# Snows on the Table



## Anas Strepera (Nov 10, 2004)

What's your favorite snow goose recipe?

My favorite is a plucked whole goose baked in an oven bag, stuffed with apples and onions. Cook on real low heat, 200 degrees for the better part of the day. Good eats!

Obviously I don't do that with a ton of them. I smoke a lot of them and eat later. I also make a lot into sausage. I grind quite a few up plain and then cook them in spaghetti sauce, or hamburger helper.


----------



## Anas Strepera (Nov 10, 2004)

Not a single response???

I guess I should have titled this thread,

"Snows in the ditch."


----------



## blhunter3 (May 5, 2007)

Crock pot with barbeque sauce. Snow geese taste the best, ducks are ok, and canada geese are the worst cooked this way.


----------



## brobones (Mar 10, 2004)

Cube them up soak them in italian dressing,then put them on shish kabob sticks with tomatoes onions and peppers. Yummy


----------



## EllendaleND (Dec 25, 2011)

blhunter3 said:


> Crock pot with barbeque sauce. Snow geese taste the best, ducks are ok, and canada geese are the worst cooked this way.
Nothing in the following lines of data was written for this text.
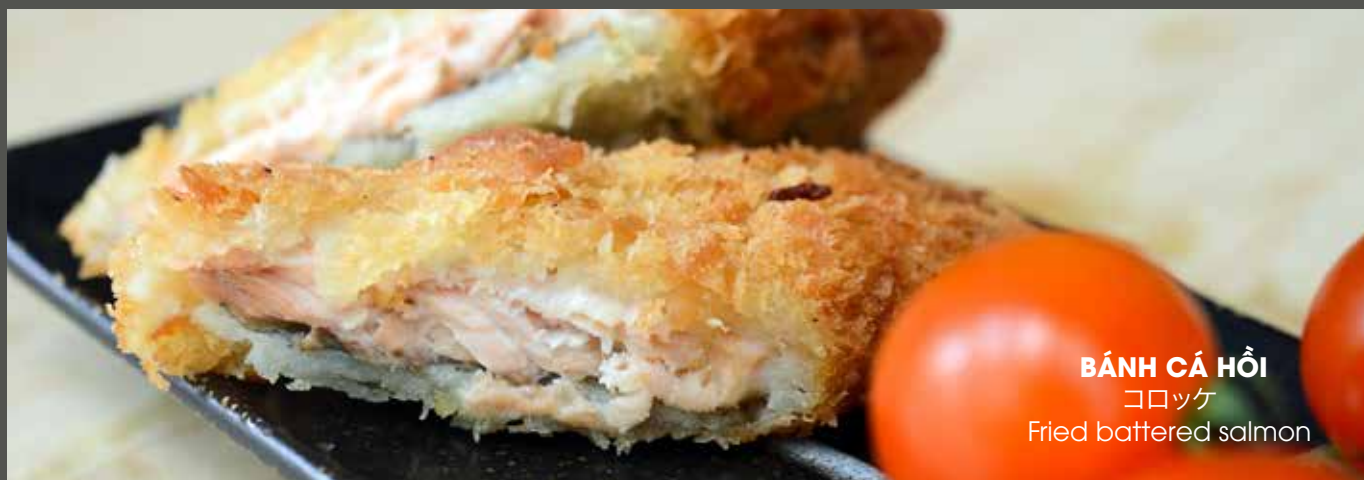
BÁNH CÁ HỒI コロッケ Fried battered salmon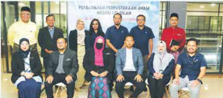
3 FEBRUARI 2023 KUNJUNGAN HORMAT PENGARAH SURUHANJAYA KOMUNIKASI DAN MULTIMEDIA (SKMM) DI PERPUSTAKAAN NEGERI, SEREMBAN 2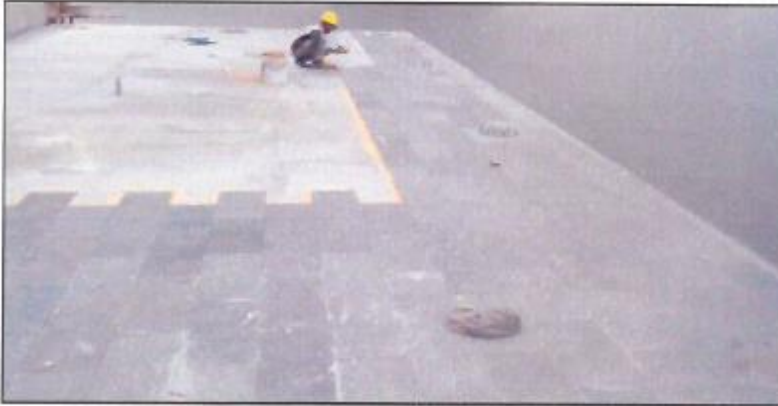
Paca de Muelle finalizada (resaltado los soportes para la instalación de los Noray los cuales servirán para el amarre de las embarcaciones).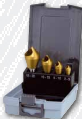
Nr. 102 312 TRO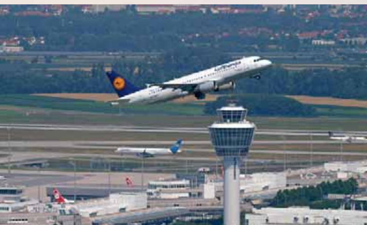
Von Drehkreuzen und alten Gewohnheiten (Seite 10)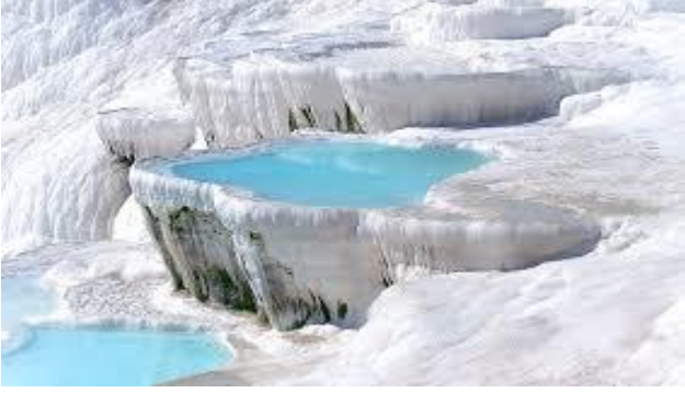
Pamukkale Travertenleri (Denizli)

İnsan eli değmeden oluşan ve gezilip görülebilecek özelliği olan yerlere doğal yerler denir.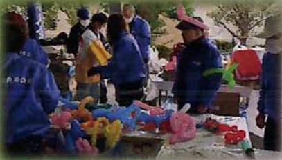
小平支部・くじびき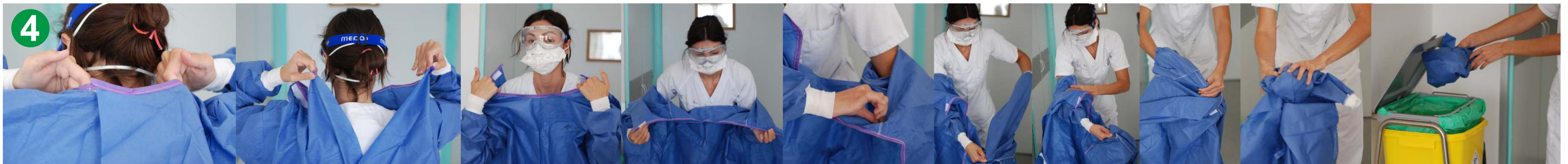
4.- BATA, retírela de la siguiente manera: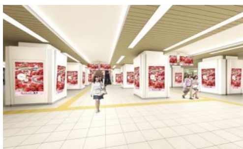
東武鉄道 池袋駅サイネージピラー (イメージ)

3月5日(月)～3月11日(日)池袋駅地下中央コンコースに設置してある池袋サイネージピラーにて放映します。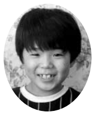
小室小4年 / 北本 みちひろ 宙大さん やませ 山瀬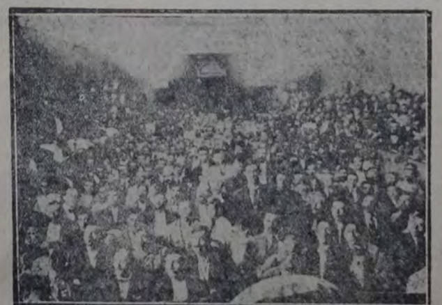
Aspecto de la Sociedad Italiana Cristóforo Colombo, de Godoy Cruz, durante la velada cívica que realizó el Centro local...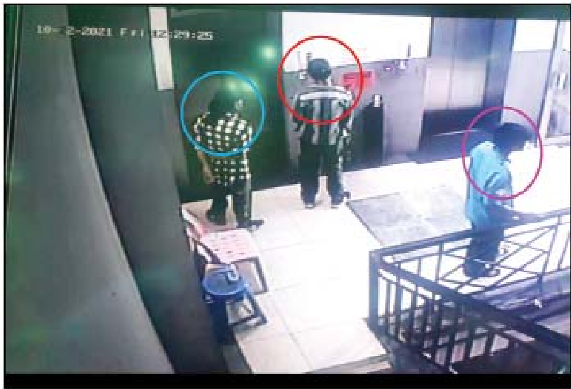
ကမ္ဘောဇဘဏ် ဗိုလ်တထောင်ဘဏ်ခွဲအား ခားပြတိုက်မီ Ocean Center ၌ စတင်စုဝေးသည့် မှတ်တမ်းဓာတ်ပုံ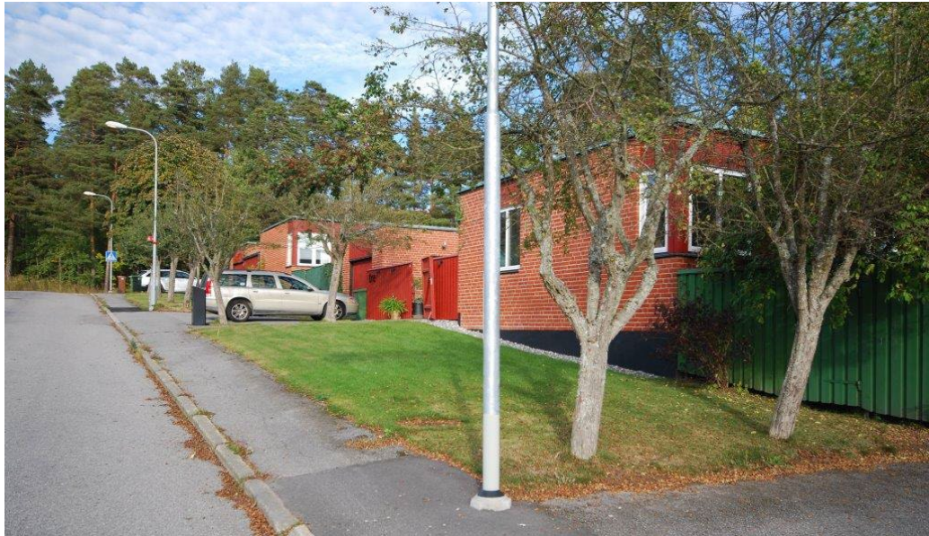
Atriumvillorna vid Boholmsstigen.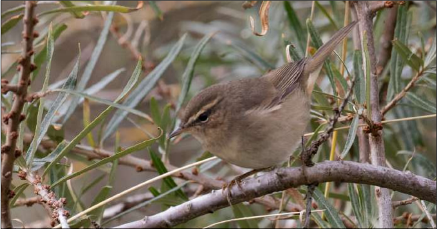
Bruine Boszanger, Hondsbossche Zeewering, 18 oktober 2020.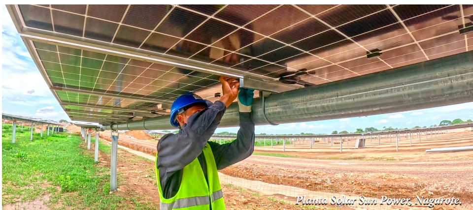
Planta Solar Sun Power, Nagarote.

Concluyó que el fortalecimiento del sector eléctrico nacional es fundamental para garantizar un suministro continuo, seguro y confiable, que acompañe el crecimiento económico, el desarrollo de proyectos estratégicos y el bienestar de las familias nicaragüenses.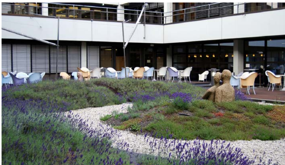
Der große Innenhof wurde mit Kunstobjekten versehen, die von Lavendel und Stauden umgeben sind.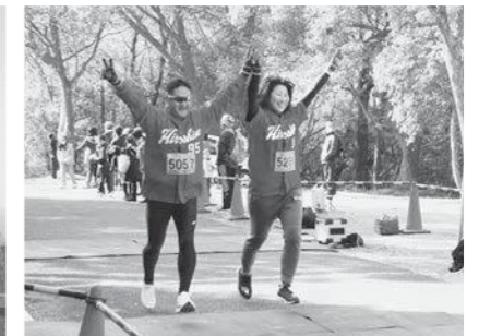
最後は笑顔でゴール!!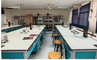
ห้องปฏิบัติการภาควิชาฟิสิกส์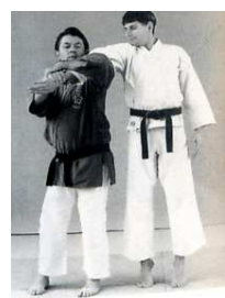
8 ème : Clef de bras tendu sur l'épaule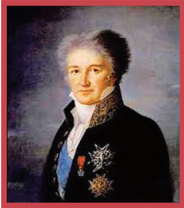
Portrait du Marquis de RIVIÈRE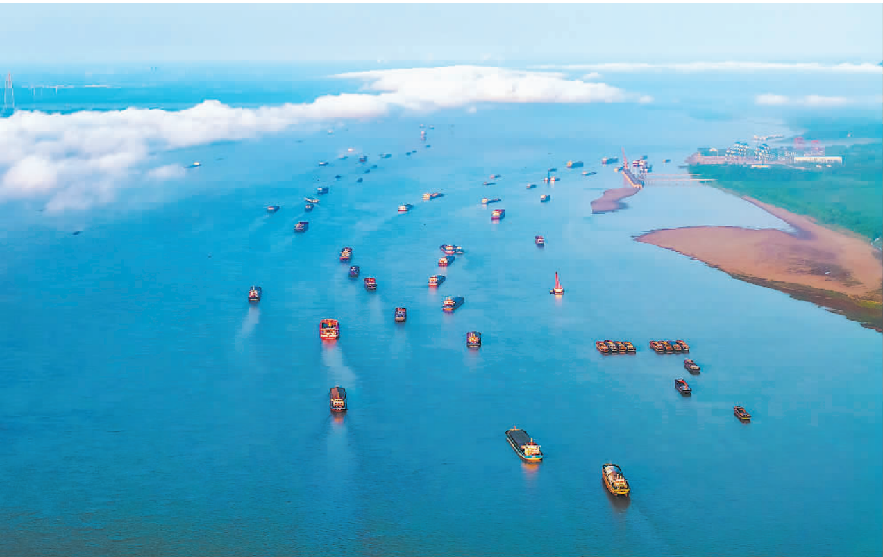
9月15日,安徽省池州市长江水域,装载生产、生活资料的各类船舶往返穿梭、有序航行。

文章强调,建设全国统一大市场,既是攻坚战,也是持久战,各地区各部门要从政治和全局高度抓好落实。中央和地方、地方和地方、政府和企业、企业和企业都要加强协调配合,形成推进合力。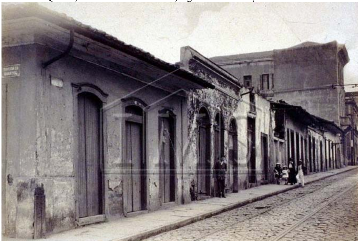
Figura 1 - Vincenzo Pastore: Casario da Rua da Esperança, esquina com a Travessa do Quartel, zona do baixo meretrício, região da atual Praça da Sé. São Paulo 1910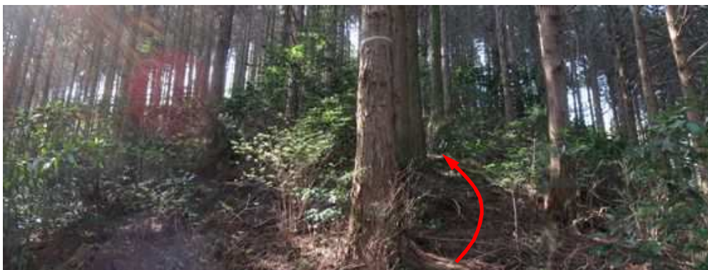
斜面B 尾根筋に達し、幹に巻かれたテープを見て南へと上って行く。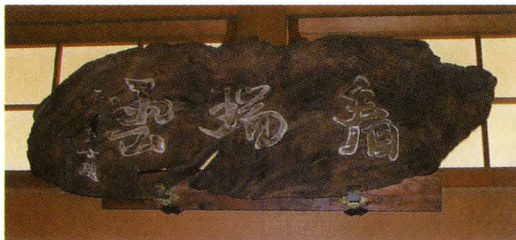
民家に伝わる楠材の扁額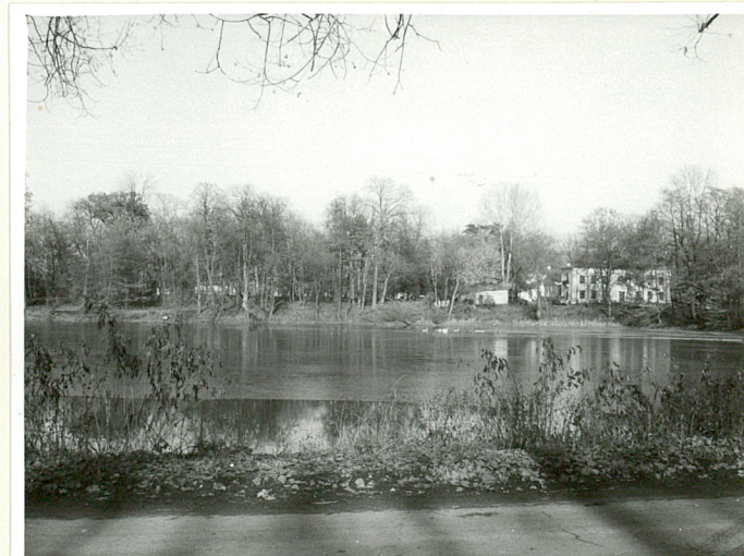
fot.3 Cz. rezydencjonalna, widok od str. pd.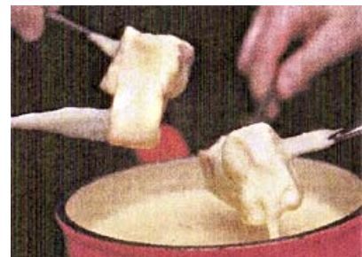
Kostprobe : Jedes Fondue mit anderer Duftnote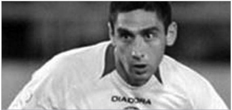
მუჯირი გოლების გატანას დაეჩვია.

განვლილ მატჩში მუჯირი გუნდის ძირითად შემადგენლობაში იყო და მე-5 წუთზე გახსნა ანგარიში.

Do you marinate them or anything?? or throw em straight in?


----------



## blhunter3 (May 5, 2007)

EllendaleND said:


> blhunter3 said:
> 
> 
> > Crock pot with barbeque sauce. Snow geese taste the best, ducks are ok, and canada geese are the worst cooked this way.
> ...


Dry them out the best you can before you throw them in in the pot and add the McCormicks pulled pork and once they start falling apart add your favorite BBQ sauce and wait till the meat in all shredded.


----------



## bwfsh (Feb 12, 2009)

To add to BL's post, I like to cook them in Diet Coke in the crock pot until they fall apart (roughly 4 hours on low). I think it is the citric acid in the coke that helps break the meat down and takes a little of the gamey taste out of them.


----------



## burltealrugerlegs (Mar 15, 2012)

I slice a breast and make a pocket inside, fill it with cream cheese and chopped jalepenoes and chopped garlic. Wrap it in bacon and put it in a basket on the rotissery!! its great!! :beer:


----------



## DesertWings (Feb 12, 2009)

Soak breasts in milk or salt water overnight...dry and add dry rub or marinate, place in ziplock and refrigerate for 24 hours...run thru Bradley smoker for 3 hours with low heat...slice finished breasts, place on crackers with cheese and brown mustard...ENJOY!


----------



## Anas Strepera (Nov 10, 2004)

I got a big batch of snow breasts sliced and soaking in brine as I type this. Can't wait to fire up the smoker tomorrow! There's nothing better than sitting in the spread chomping on smoked snow jerky. I always bring a lot and leave with little to none.


----------



## tilley (Jul 28, 2011)

Soak em,smoke em,brine em,marinate ,cover up,grind em spice em..anything to make them taste like something edible. Good eatin! Sewer pond canadas have got to be the most delicious along with a big old "eagle head". Serve on toast.


----------